● **WHAT NEEDS TO BE DONE**
From top to bottom, return the listing exactly as it appears, omitting its images.

● **RECORDED INFORMATION**
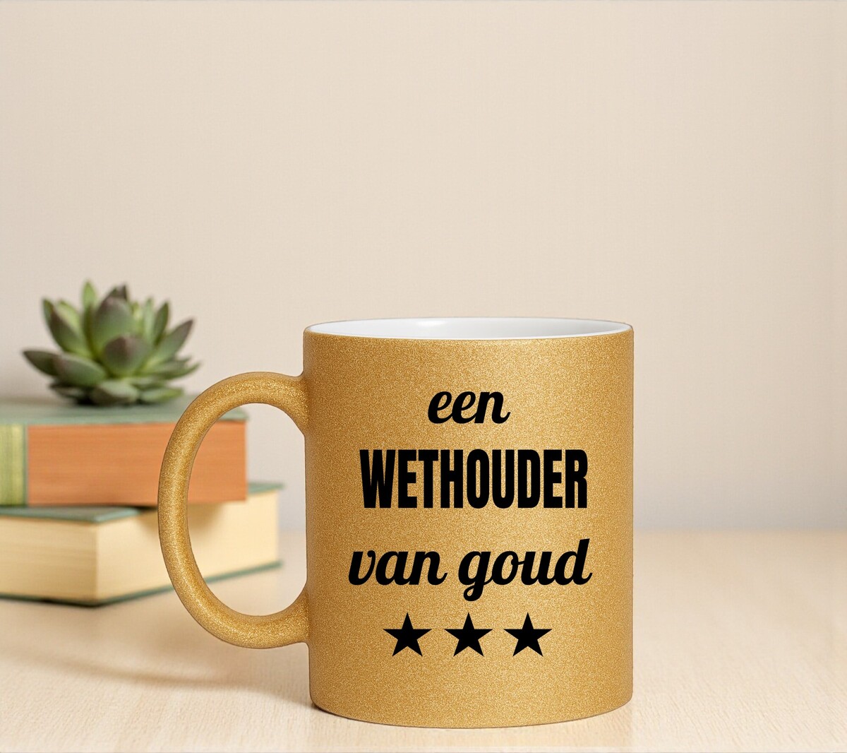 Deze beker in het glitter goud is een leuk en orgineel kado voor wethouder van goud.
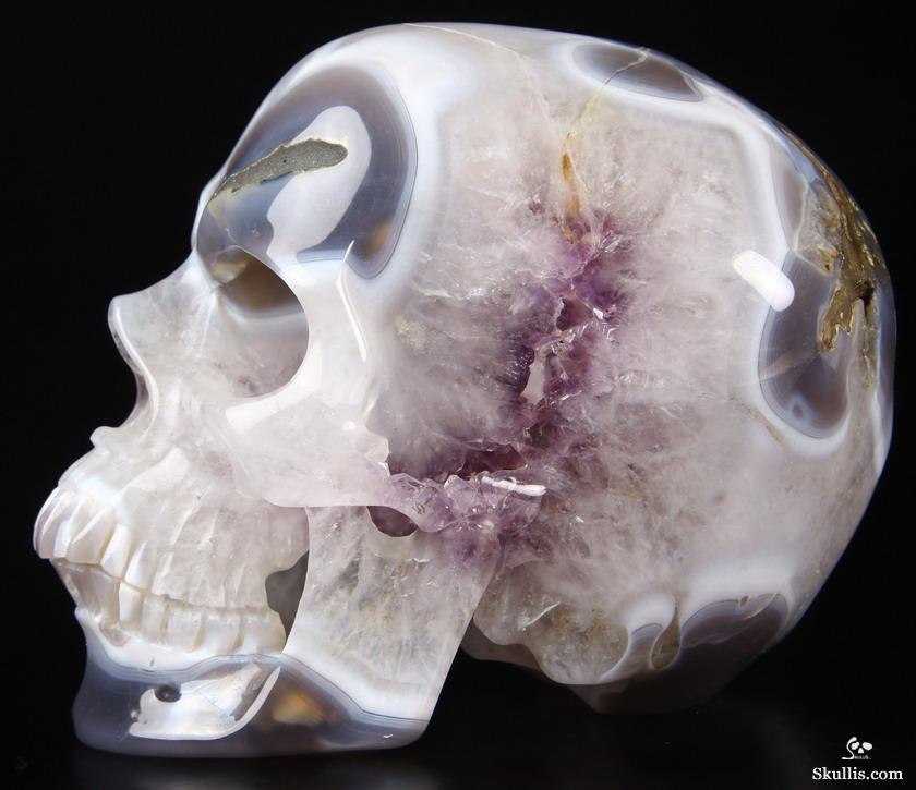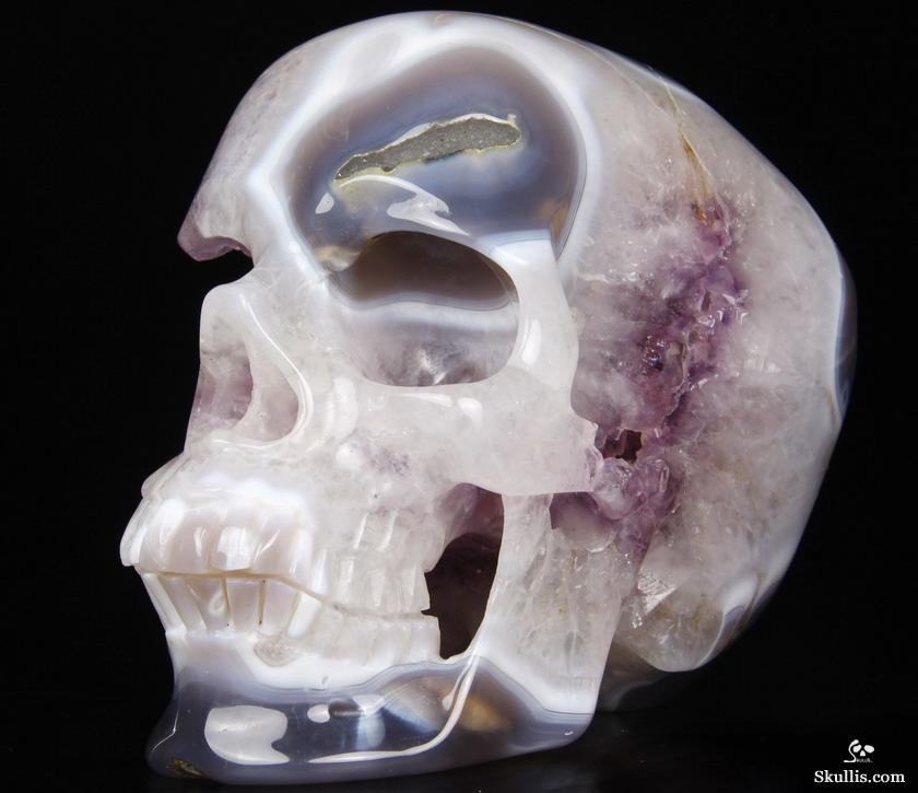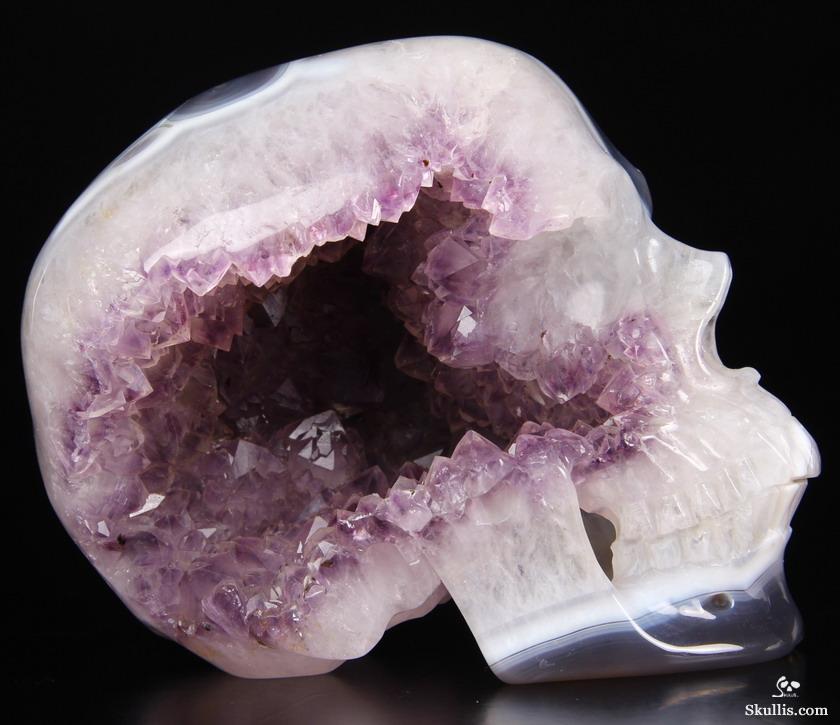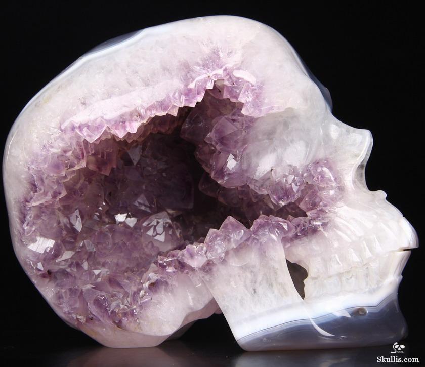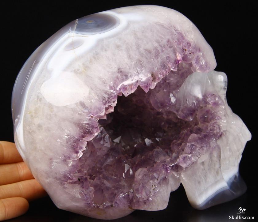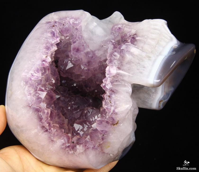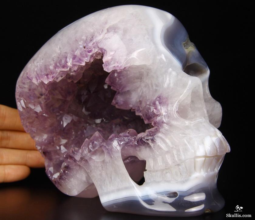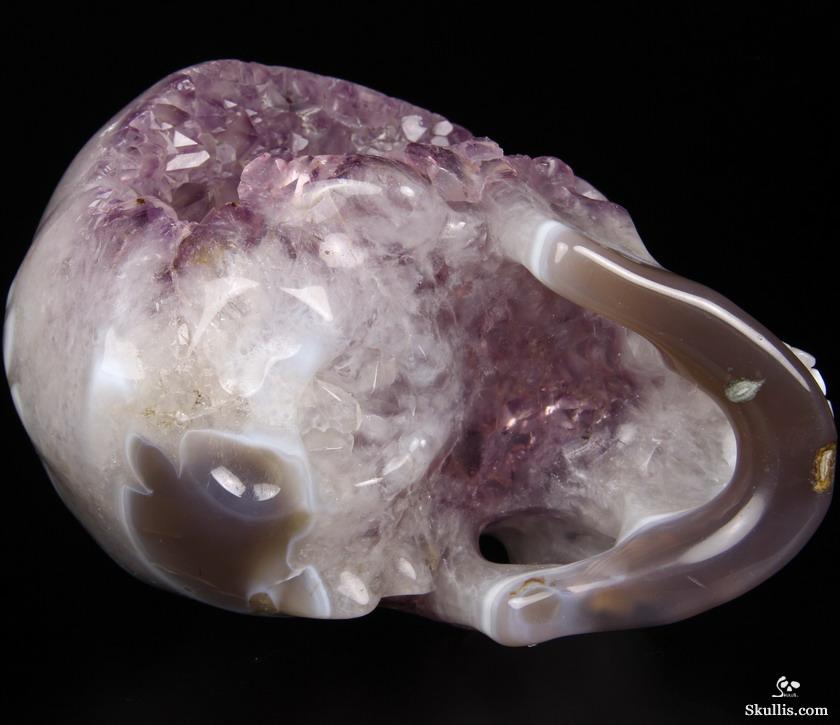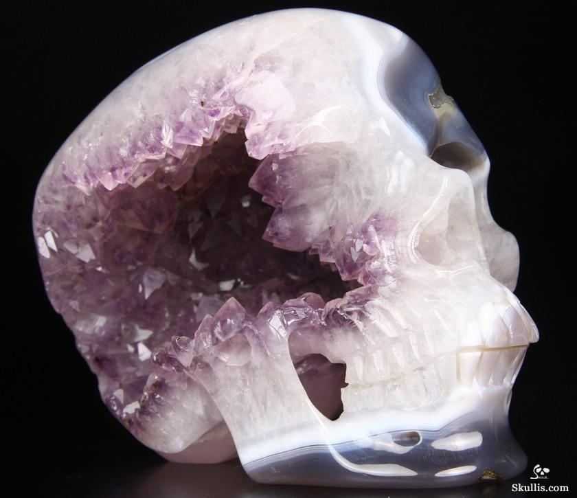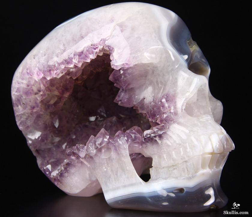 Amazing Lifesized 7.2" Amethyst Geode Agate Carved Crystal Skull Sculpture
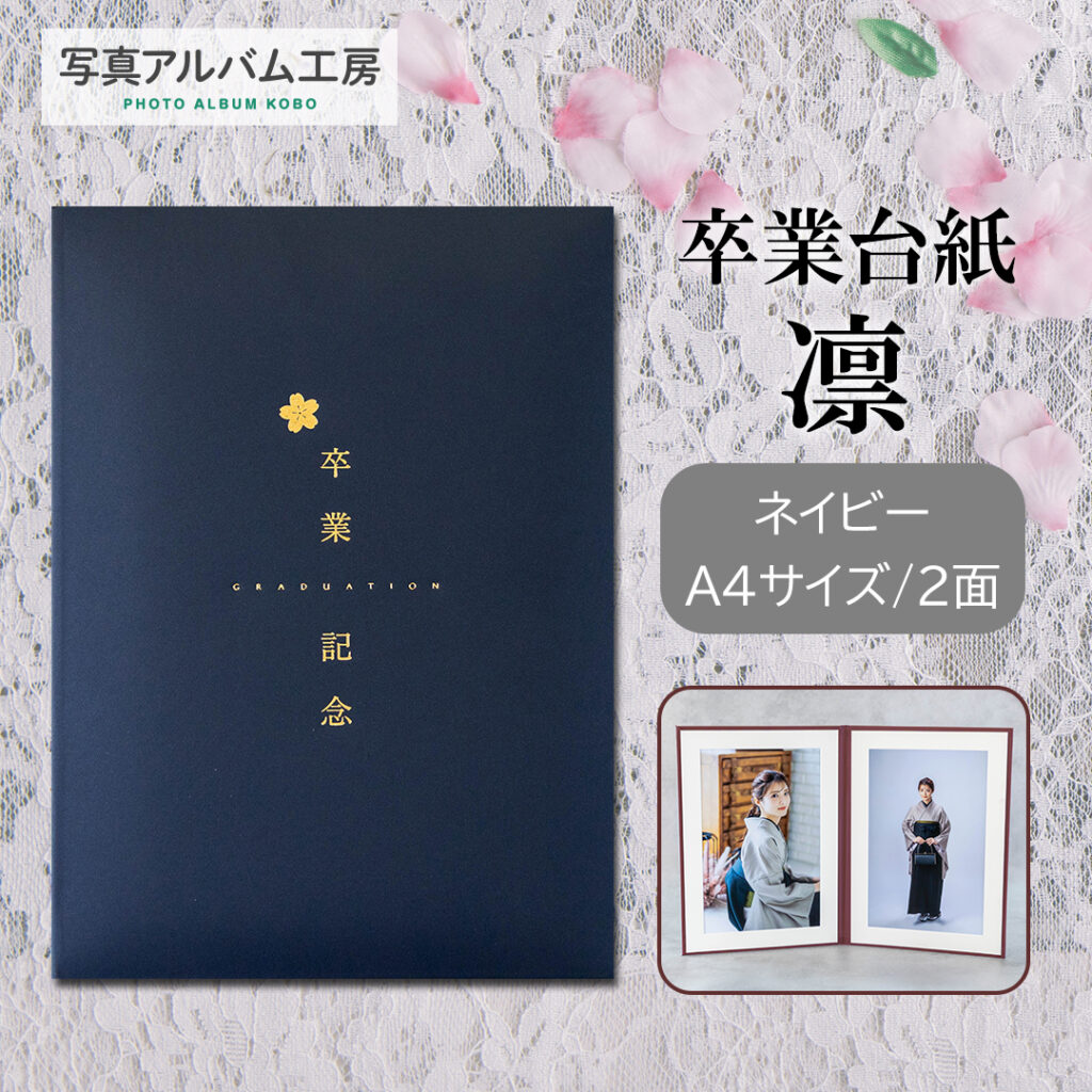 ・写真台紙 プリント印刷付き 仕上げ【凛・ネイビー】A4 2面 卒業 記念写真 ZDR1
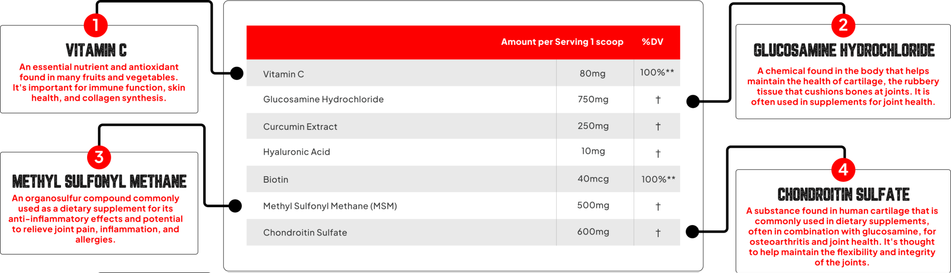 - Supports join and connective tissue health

● **SOLUTION BELOW**
 Deze beker in het glitter goud is een leuk en orgineel kado voor wethouder van goud.
 Amazing Lifesized 7.2" Amethyst Geode Agate Carved Crystal Skull Sculpture
 ・写真台紙 プリント印刷付き 仕上げ【凛・ネイビー】A4 2面 卒業 記念写真 ZDR1
 - Supports join and connective tissue health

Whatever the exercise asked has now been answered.